Tibbets is the worst our country has to offer in hysteria and paranoia about 'others'. As a film student I wrote a paper on the hatred for Asians represented in films in the 1930's-present day (such as Flash Gordon, Blond Adonis, versus the evil Ming the Merciless in the 30's; Invaders from Mars in the 1950's showing that little Asian in a lotus position in a bubble with the big intellectual head-Asians always seemed to be feared for being 'smart' versus US macho physical power. Invaders from Mars feed the anti-communist hysteria similar to the present Bush administration paranoia about terrorism. Tibbets was a proponent of fear and hysteria, which mass killing or extermination always represents. His life was a waste of self congradulatory evil.
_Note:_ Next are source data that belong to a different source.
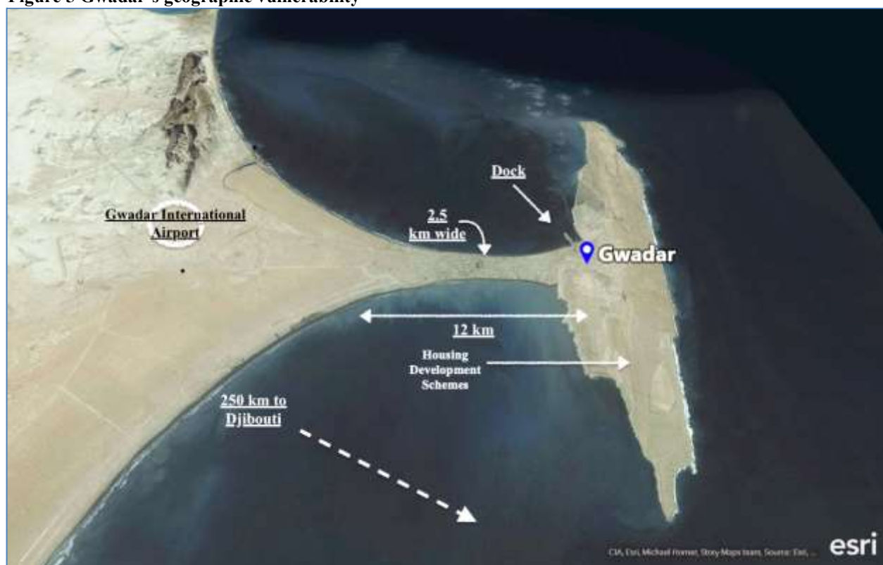
Figure 5 Gwadar's geographic vulnerability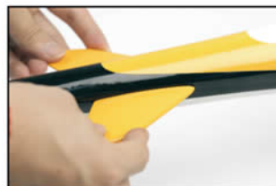
18.将两边平衡翼粘好 Stick both sides of the balancing fin.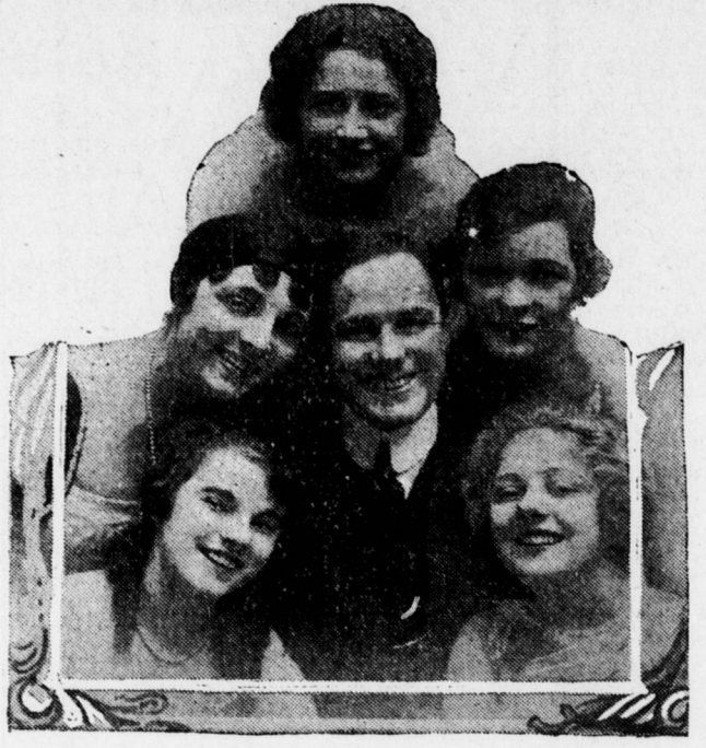
"Katinka," the musical play all Harrisburg was talking about one month ago, is again coming to the Orpheum. The date is the coming Friday, with a special matinee. An excellent cast, gorgeous production and special orchestra is promised.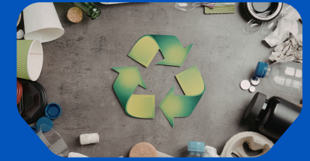
Engineering & Technical Services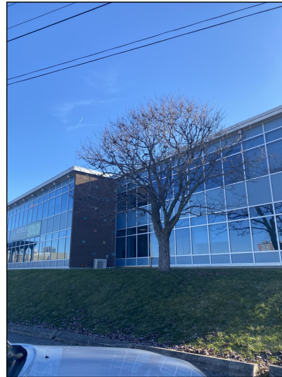
Photo 2. Tree 3. December 12, 2022.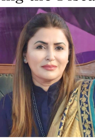
2022, since inception.

Besides this programme, BISP has been given the task of disbursing Rs. 25,000 per family to the flood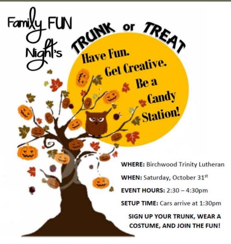
TRUNK-OR-TREAT IS A SUPER FUN AND FREE COMMUNITY EVENT FOR THE WHOLE FAMILY! CANDY DONATIONS ARE WELCOME!! DROP OFF AT CHURCH WITH JULIE!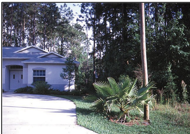
Figure 4. High risk landscapes connect the ground to the canopy with vegetation.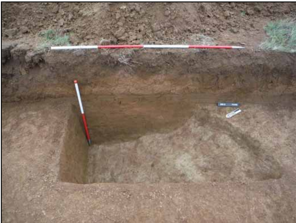
Figure. 56- SE-facing view of pit F.4306 (Scale- 1 x 2m & 1 x 1m)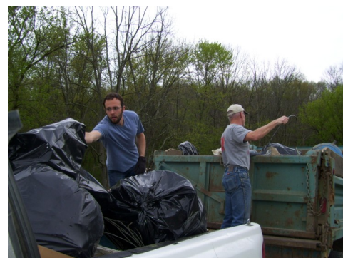
Staff and volunteers help load the dump truck with trash at Stream Sweep.

The U.S. Department of Agriculture (USDA) prohibits discrimination in all its programs and activities on the basis of race, color, national origin, sex, religion, age, disability, political beliefs, sexual orientation, and marital or family status. (Not all prohibited bases apply to all programs.) Persons with disabilities who require alternative means for communication of program information (Braille, large print, audiotape, etc.) should contact USDA's TARGET Center at 202-720-2600 (voice and TDD). To file a complaint of discrimination write USDA, Director, Office of Civil Rights, Room 326-W, Whitten Building, 14th and Independence Avenue, SW, Washington, DC 20250-9410 or call 202-720-5964 (voice or TDD). USDA is an equal opportunity provider and employer.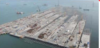
Indonesia Container Terminal One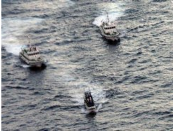
Two Japanese Coast Guard boats pursue a Chinese trawler

Qixiong and the provocative assertion that his case would be adjudicated under Japanese domestic law, rather than resolved through quiet diplomacy between Tokyo and Beijing.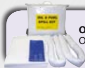
Oil & Fuel Spill Kit OSK20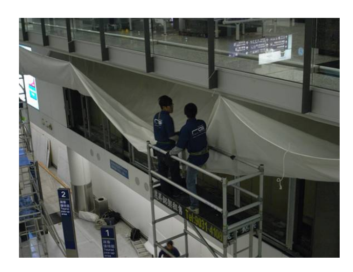
Arrangement of lighting source panel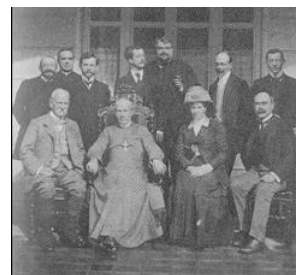
Kipling (bottom, far right) with a group of dignitaries in Vernet, 1911

For more detailed information please visit the Vernet-les-Bains website at www.vernet-les-bains.fr/vernet/english.asp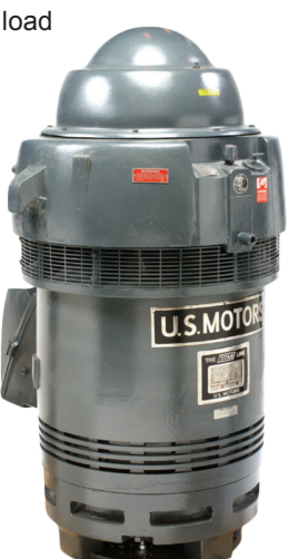
WPI 15-5000 HP and WPII 300-5000 HP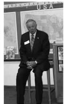
Mayor Mike Fahey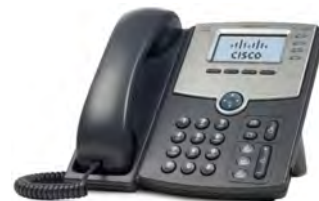
SPA504G - 4 Line Phone

Lease to Own available on this model for only $4.95 a month for 2 years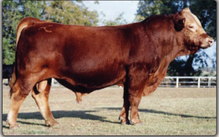
Fosters L017 ET Maternal great grandsire of Lots 15&16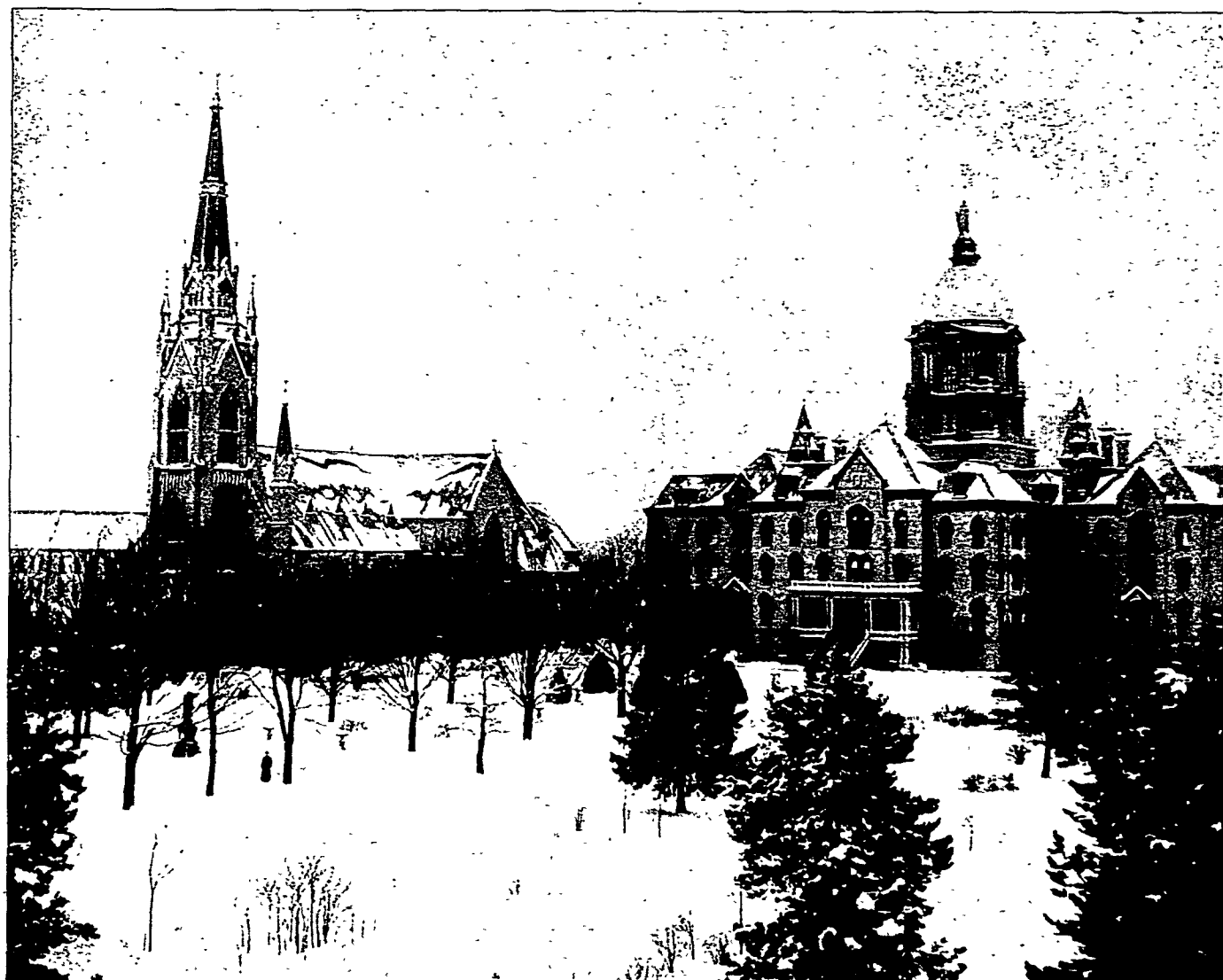
SACRED HEART CHURCH AND MAIN BUILDING

down in 1865 in order to make way for a greater structure, for the large influx of students after the Civil War made a more spacious building necessary. The third building was a hundred and sixty feet in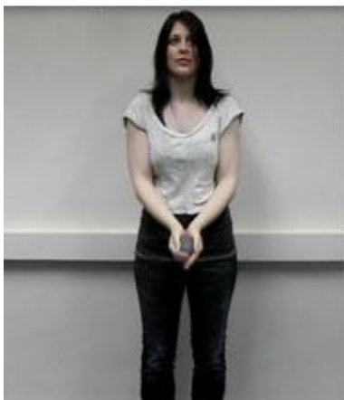
C: Test video 1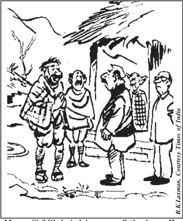
My son, Sir? Oh, he is doing very well, thank you. He is a beggar in Bombay!

In 1951, the ratio between agrarian and non-agrarian incomes was 1:1.4. In the decades after Independence, this gap between rural and urban incomes has increased substantially. In 1988, it was reported to be 1:2.8 at constant prices and 1:6.2 at current prices. The gap is likely to have increased further. Between 1951 and

Wednesday, November 7, 2007

a walk in late Fall


This is a beautiful time of the year to take a walk where there are trees and quiet....I walked over to the Pine Hill Cemetary again and they had a gate open that is usually not opened and I found myself in a beautiful section of 19th century tombstones. I noticed on a few pillared tombstones from that time period that there was a metaphor of the overcoat hanging over an urn (see photo). I imagine it denoted a well spent life of service in whatever profession that individual had....

Transamerica


This is one of those exceptional films I missed seeing somehow when it first hit the movies. Felicity Huffman gives an unbelivably perceptive and subtle performance in the role of a man in the process of getting a sex change operation and suddenly discovering he/she has a son she has never known about and her journey to build a relationship with him. The interview between Huffman and the director is also fascinating as you can see how deeply they let this character form and be into someone in process to understand what love and self love is.

Monday, November 5, 2007

Carol Burnett, American Masters tonight


I read Carol Burnett's autobiography years ago in the late 1980's and was particularly struck by how resilient a person she was considering her father and mother's alcoholism. She is the focus of the American Masters program tonight on PBS, 9pm. Youtube has many of the Carol Burnett Show clips that will remind you how brilliantly funny and generous she is. Like Seinfeld, her show worked because the entire cast were all given a chance to express their own unique talents and work as a ensemble rather than a single star focus. Like Charles Schulz last week, part of her brilliance was to make people laugh while astutely critiquing the shallow aspects of our culture and the harmful qualities of people-that takes insight and skill.

Sunday, November 4, 2007

What difference does it make.....


My good friend Laura, who is a brilliant WWII historian-particularly regarding American POWS in Germany (her exceptional father being one), reminds me of the atrocities the Japanese inflicted during WWII-and you can read her response in detail at the end of the Paul Tibbet obit. My concern is for innocent persons, non military from any country, who die simply because they were a military strategy or collateral. Here is a
quote from Gandhi:

What difference does it make to the dead, the orphans and the homeless, whether the mad destruction is wrought under the name of totalitarianism or the holy name of liberty and democracy?

photo taken of Gandhi in 1946 by photographer Margaret Bourne-White

Friday, November 2, 2007

Paul Tibbets, welcome to Hell



Paul Tibbets has finally died at age 92. He was the piece of human waste product who commanded the B-29 that dropped the atomic bomb on Hiroshima on August 9. 1945. The bomb killed at least 140,00 people, most instantly and left other with unbearable burns , blindness and multitudes of future generations with grotesque birth defects. Like a true sociopath, he once said"What they needed was someone who could do this and not flinch-and that was me".